Seattle civil rights activists have asked their elected officials to change the law to allow same-sex partners to marry. This parallels pioneering efforts in San Francisco, New York, Portland, and the state of Massachusetts – not to mention entire countries in Europe which now bless same-sex couples with the same civil liberties as everyone else.
Legal strategies in the United States are homing in on an inescapable fact, one which makes neoconservatives uncomfortable. In the United States, the law denies same-sex couples the same civil liberties as everyone else.
Rather than paraphrase the news, I will excerpt from the article by Wyatt Buchanan in today’s San Francisco Chronicle:
When San Francisco Mayor Gavin Newsom ordered city officials to marry same-sex couples -- a defiant act two years ago that soon was emulated in Portland, Ore., and New Paltz, N.Y. -- gay rights supporters in Seattle demanded that their elected officials do the same.
Instead, King County Executive Ron Sims placed an unusual phone call.
“He said, ‘I don’t want to break the law. Will you please sue me to strike down the law?’ ” said Lisa M. Stone, executive director of the Northwest Women’s Law Center. “That’s not a call we get very often.”
“The cases present constitutional issues that judges haven’t thought about a great deal yet,” said Matt Coles, director of the American Civil Liberties Union’s Lesbian and Gay Rights Project. “It’s not just the narrow issue of marriage but how you think about laws that discriminate against gay people under the equal protection clause, how you think about what a fundamental right is.
La Parola didn’t invent the concepts of equal protection and the universality of civil liberties. But we have been saying for years that same-sex couples have been denied the same constitutional protections that other Americans take for granted.
It isn’t about what America feels like “sanctioning” or approving, though America has a 200+ year track record of clinging to the popular idea that your constitutional rights can be subordinated to popular approval.

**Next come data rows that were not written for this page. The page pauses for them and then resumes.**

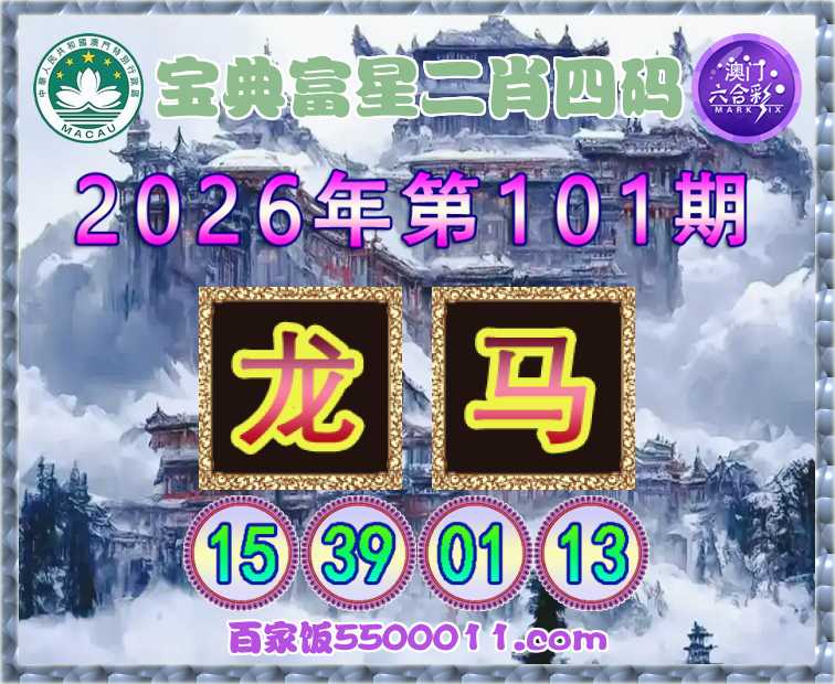 101期:【宝典富星】 🥠二肖四码🥠【马】【15.39.01.13】开:龙39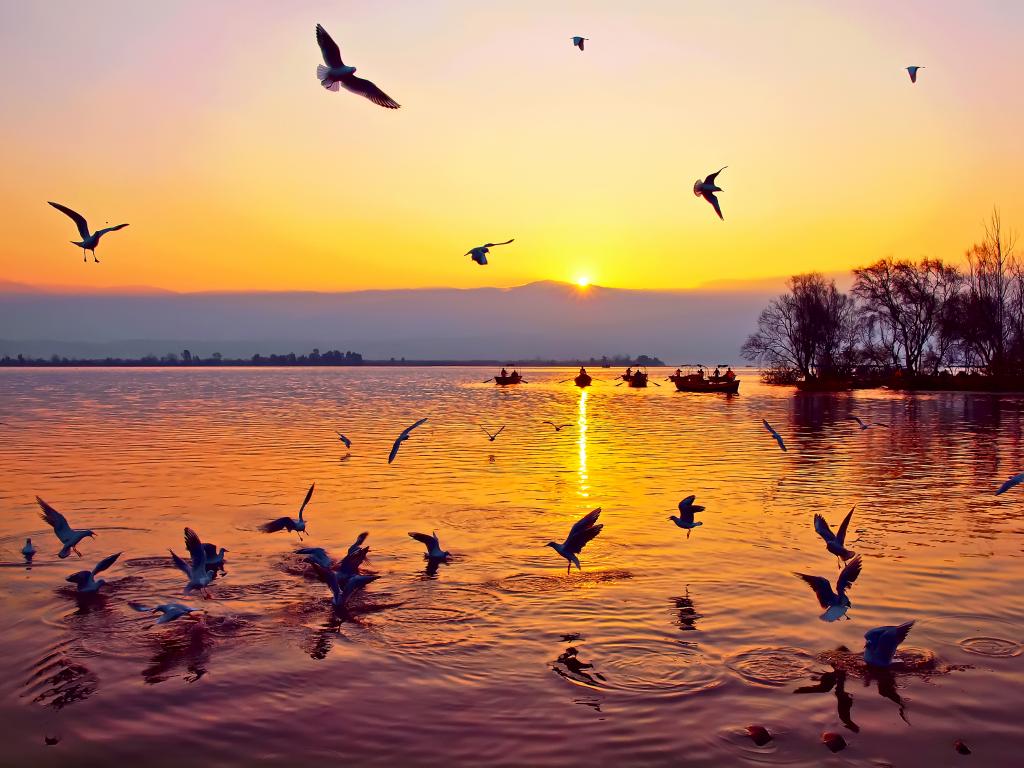 2025年11月,邛海国家湿地公园内群鸟翩飞。(西昌市摄影家协会供图)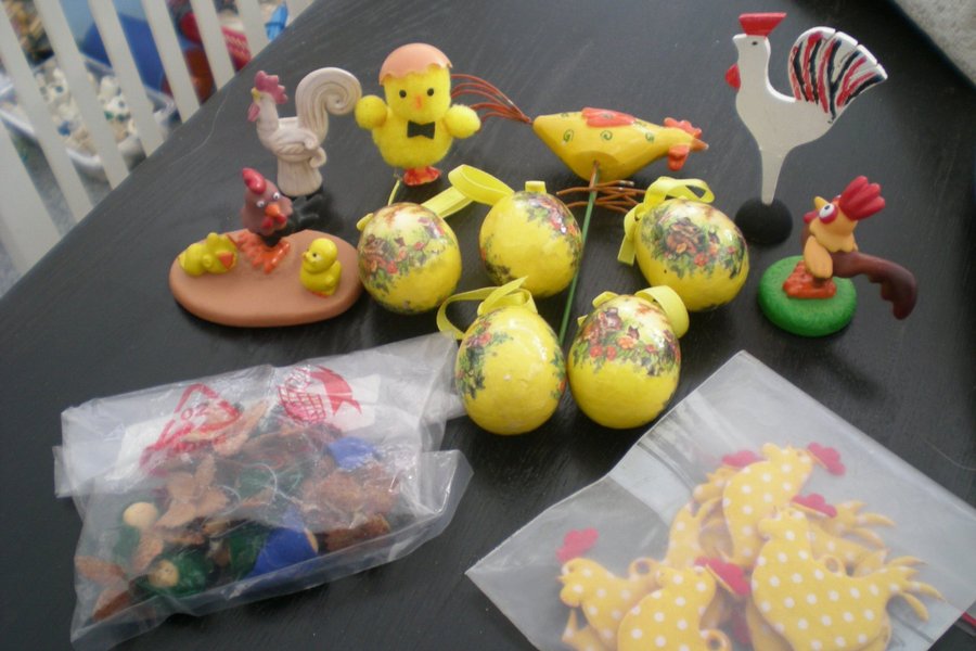 Påskpynt: Kycklingar, tuppar och ägg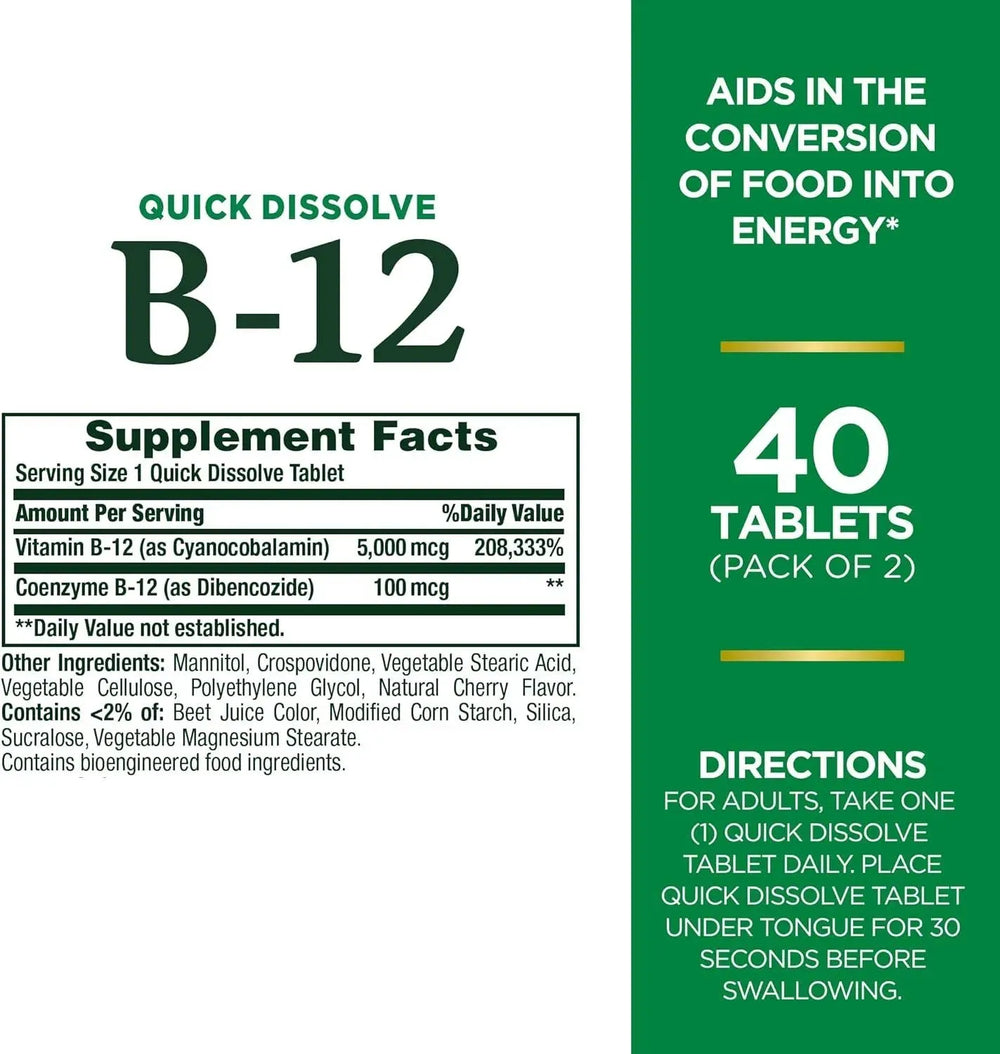 Nature's Bounty Vitamin B12 Quick Dissolve 40 Tabletas 2 Pack

That’s right: in order for you to exercise a constitutional right, you may have to wait and see when – if ever – a committee of your friends and neighbors ratifies that right for everyone, or just for themselves.

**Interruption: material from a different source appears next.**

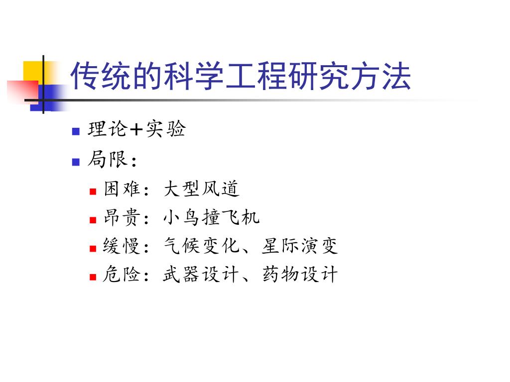 传统的科学工程研究方法 • 理论+实验 • 局限: • 困难:大型风道 • 昂贵:小鸟撞飞机 • 缓慢:气候变化、星际演变 • 危险:武器设计、药物设计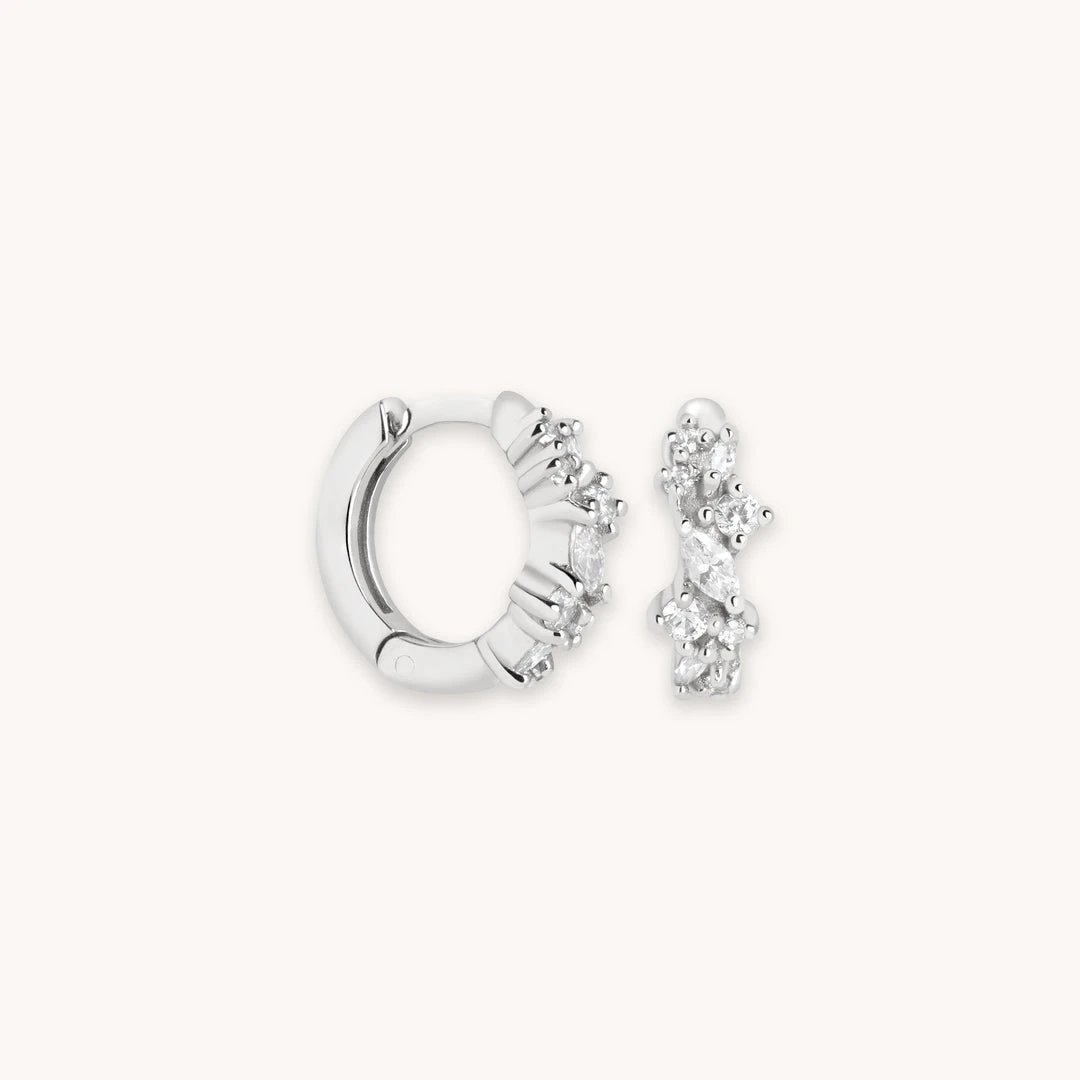 A sparkly accent to add to your stack ~ the Crystal Cluster Huggies in Silver are the perfect way to elevate your jewellery rotation. In our best-selling huggie profile, these feature a cluster of cubic zirconia in different shapes & sizes for an eye-catching finish. These will fit into your existing ear stack with ease. Wear them alone, or stack them with your favourite hoops.

In the past, this precedence of inconsistency seemed to excuse the many politically active religious groups who campaigned agressively to deny fundamental liberties to others, such as same-sex couples.
The Constitution says the right to keep and bear arms shall not be infringed, but when the citizens of the good City of San Francisco vote to ban handguns, listen to these same partisans scream!
I and my partner of fifteen years had always wanted to obtain a marriage license. It wasn’t a matter of commitment – our partnership was already a devoted lifetime commitment. It was a matter of respect, dignity, and equal protection under the law. We thought of Amsterdam, or groundbreaking San Francisco. A marriage that gets shot down in the courts is denigrating. And, what were we to do: get married in ten different localities, in the hope that one would survive court challenges?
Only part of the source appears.